EXERCISE: Repeat the listing exactly as given, omitting every image.
SOURCE MATERIAL below:
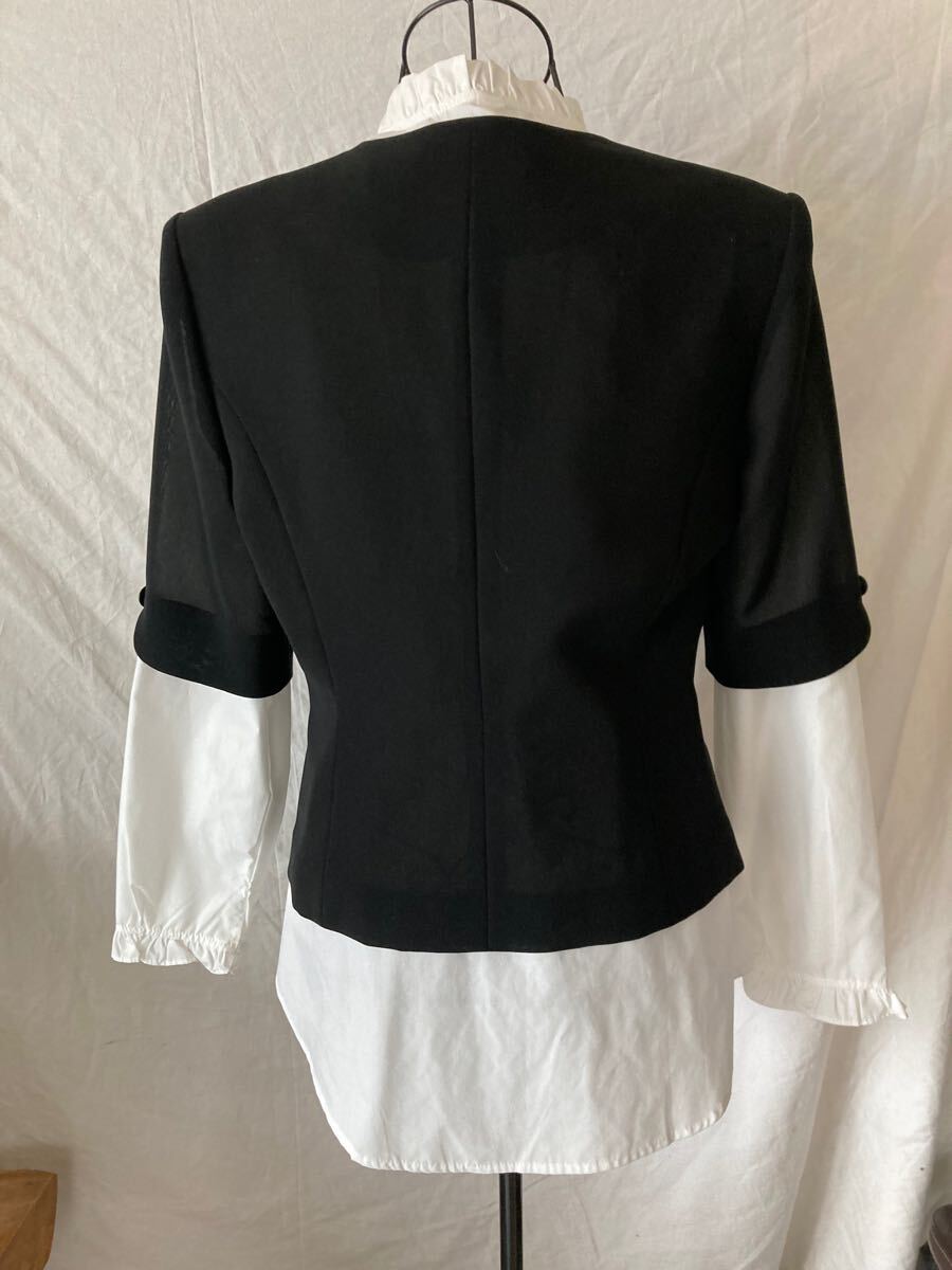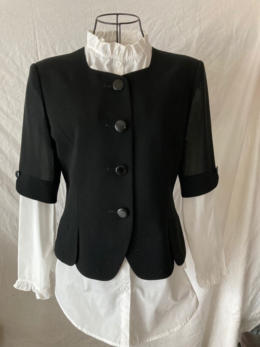 Mireille by ETIENNE BRUNELブラウス ショートスリーブのブラックジャケット&DouxBelle白いシャツ付き カジュアルフォーマルに最適。
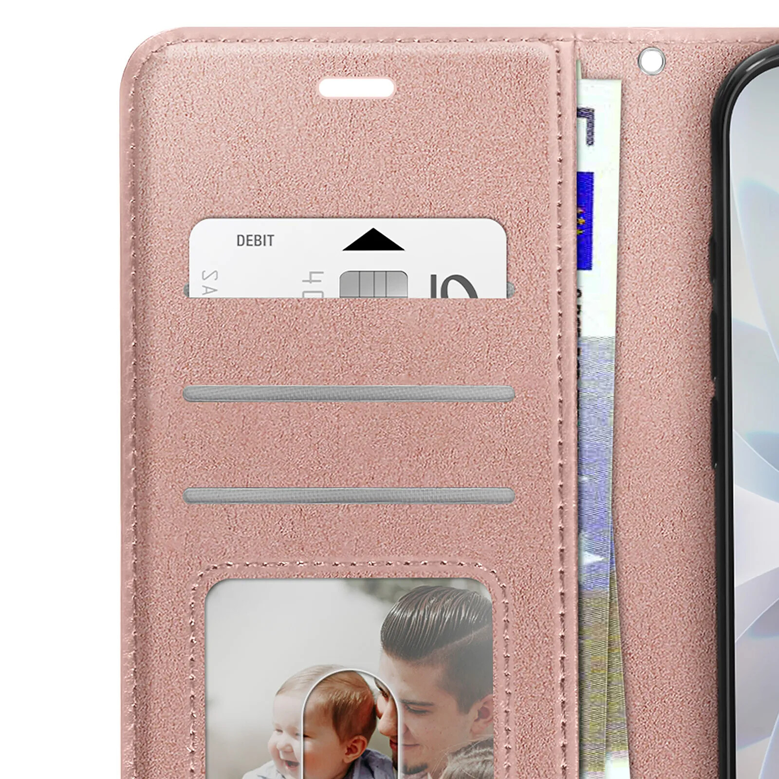 Cet étui portefeuille rose doré pour iPhone 17, signé Mayaxess, associe un revêtement grainé et satiné à une conception pratique pour un usage quotidien. Le rabat intérieur intègre trois fentes pour cartes, une poche transparente pour photo ou pièce d'identité et un compartiment latéral pour billets. La coque interne en TPU souple protège le smartphone et la dragonne amovible facilite la prise en main.
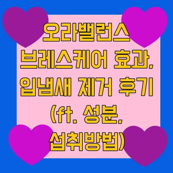 입냄새, 정말 신경 쓰이죠?😥 말할 때마다 자신감도 떨어지고, 대인관계에도 영향을 미치는 골칫거리!😫 오라밸런스 브레스케어가 그 고민을 해결해줄 구강 관리 필수템으로 떠오르고 있어요!✨ 특허 구강 유산균으로 입냄새 원인을 케어하고, 상쾌한 숨결을 되찾아보세요!💖 자, 그럼 지금부터 오라밸런스 브레스케어의 놀라운 효과와 솔직 후기, 성분 분석, 섭취 꿀팁까지~!! A to Z 낱낱이 파헤쳐 드릴게요!💯
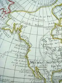 Mention of Fusang ("Fousang des Chinois") on a 1792 French world map, in the area of modern-day British Columbia.
End of SOURCE MATERIAL.
ANSWER TO THIS EXERCISE:
 Mireille by ETIENNE BRUNELブラウス ショートスリーブのブラックジャケット&DouxBelle白いシャツ付き カジュアルフォーマルに最適。
 Cet étui portefeuille rose doré pour iPhone 17, signé Mayaxess, associe un revêtement grainé et satiné à une conception pratique pour un usage quotidien. Le rabat intérieur intègre trois fentes pour cartes, une poche transparente pour photo ou pièce d'identité et un compartiment latéral pour billets. La coque interne en TPU souple protège le smartphone et la dragonne amovible facilite la prise en main.
 입냄새, 정말 신경 쓰이죠?😥 말할 때마다 자신감도 떨어지고, 대인관계에도 영향을 미치는 골칫거리!😫 오라밸런스 브레스케어가 그 고민을 해결해줄 구강 관리 필수템으로 떠오르고 있어요!✨ 특허 구강 유산균으로 입냄새 원인을 케어하고, 상쾌한 숨결을 되찾아보세요!💖 자, 그럼 지금부터 오라밸런스 브레스케어의 놀라운 효과와 솔직 후기, 성분 분석, 섭취 꿀팁까지~!! A to Z 낱낱이 파헤쳐 드릴게요!💯
 Mention of Fusang ("Fousang des Chinois") on a 1792 French world map, in the area of modern-day British Columbia.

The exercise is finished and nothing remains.